At this point, the reader begins to suspect that Hostettler is a conspiracy theorist of the first order. For someone who was a six-term congressman, he seems to have a grievous lack of understanding of the messy and argumentative way policy — foreign or domestic — actually gets made. He gives no credit to those American Jewish organizations that had diverse opinions on a war in Iraq and who today maintain various agendas regarding the peace process in the Middle East; they are hardly shy about advertising their policy prescriptions.

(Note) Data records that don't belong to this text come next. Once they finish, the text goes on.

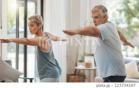 Senior couple, exercise and fitness during aerobics or yoga workout in the lounge at home for health and wellness in retirement. Old man and woman stretching for healthy lifestyle in Australia house
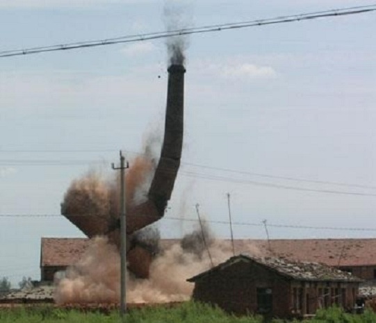 2、煙囪定向拆除方法:在煙囪底部先量好中心點,然后測算好開洞的寬度,接著就沿畫好的線開洞,邊開洞邊用厚木板或木棍頂住,預(yù)防煙囪隨時有倒下的危險,待洞開到足夠位置的時候,就用火把把木板點燃,這樣等木板燃燒到一定程度后煙囪就會自動按定好的方向傾倒了?! ?/p>
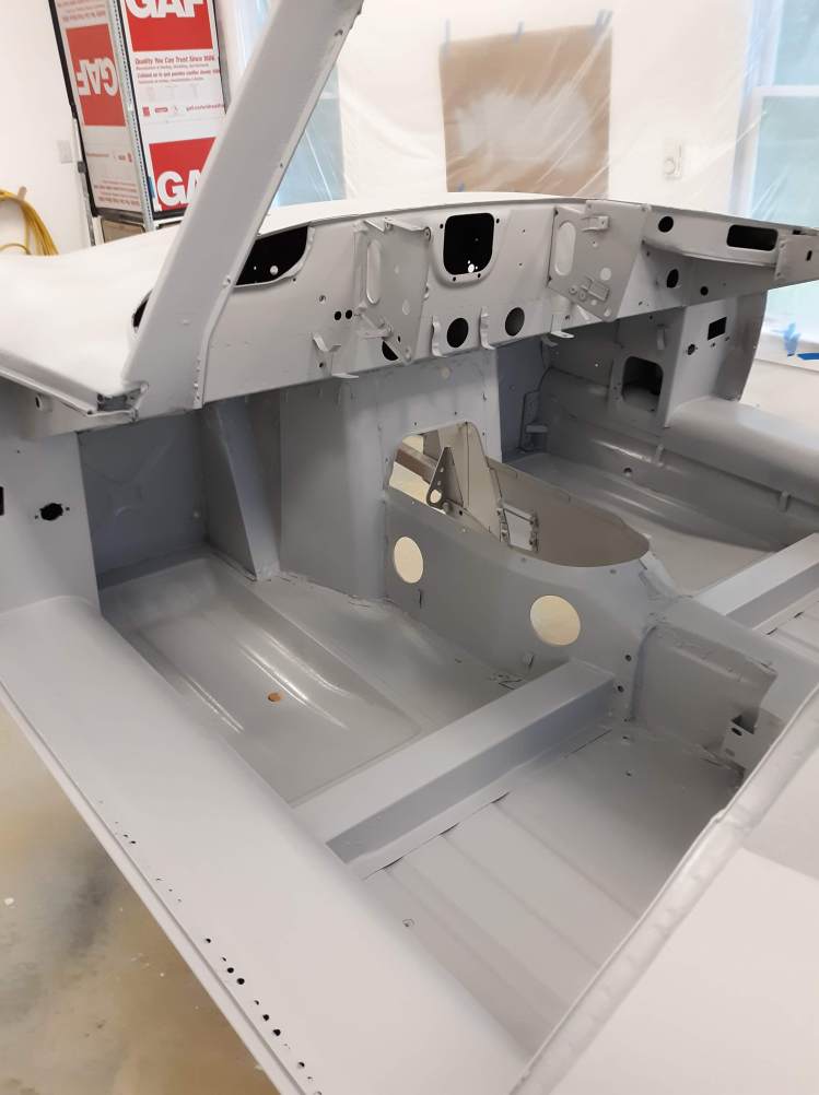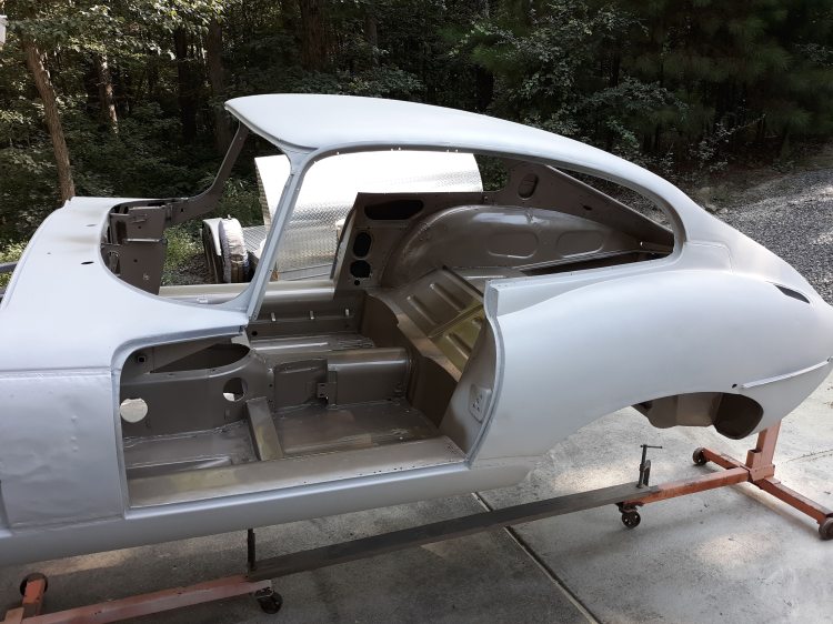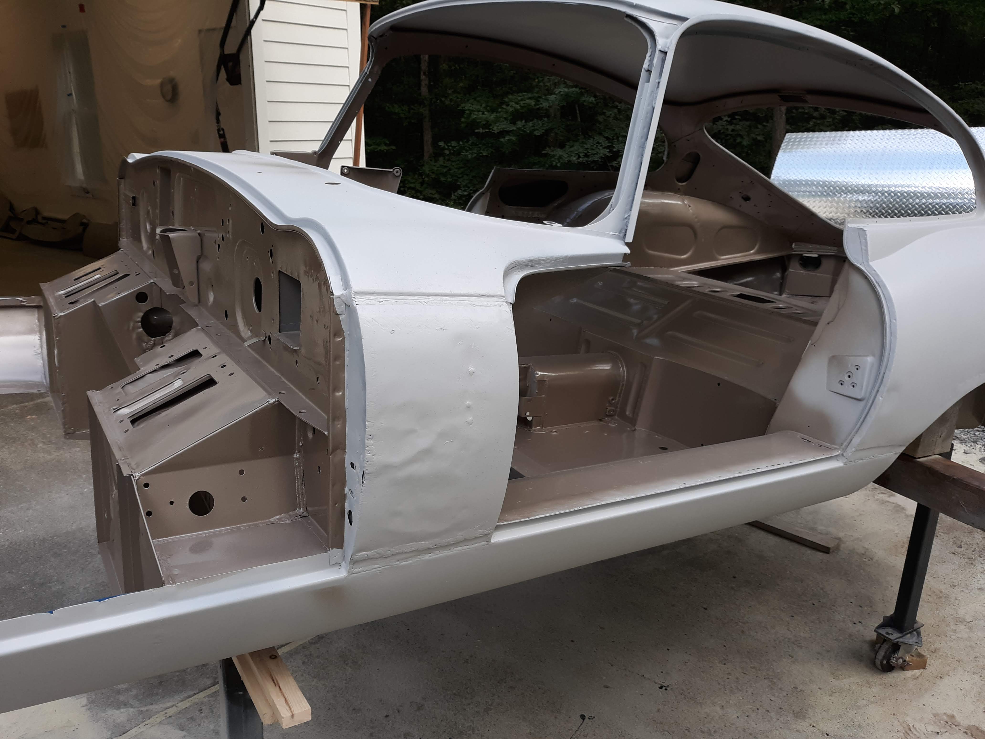 Painting has begun on the 1963 Etype FHC restoration. This might seem a little early in the process but let me explain. As near as I can tell, the factory assembled the bodies fairly completely and then painted them, inside and out, with either enamal or laquer paint. Both products have fallen out of favor for use as modern automotive paints. Almost all cars built today are dipped in a anti-corrosion bath and then painted with urethane based paints. Most cars are painted with a basecoat (the color) and a clearcoat (the shine and durability). Somewhere in there, they must have a step where they smooth out minor imperfections in the body but it all goes pretty quick and is largely done with robots in a very clean environment.

Furthermore, in highlighting all those Jewish neocon names, Hostettler neglects the non-Jewish colleagues with whom they served, and those other members at the highest echelons of the Bush administration — Colin Powell, Donald Rumsfeld, Condoleezza Rice, and Vice President Dick Cheney, none of them Jewish — who may have had at least an opportunity or two to offer their own assessments about the advisability of going to war. Do they bear no responsibility for reading and analyzing intelligence reports?
Hostettler has settled upon the oldest answer to policy failures in which, having failed to persuade his colleagues to act otherwise, he must unfortunately feel implicated: It’s the Jews that did it.
Sadly, this is the conspiracy theory that keeps on ticking.
Abraham H. Foxman is national director of the Anti-Defamation League and author of "The Deadliest Lies: The Israel Lobby and the Myth of Jewish Control."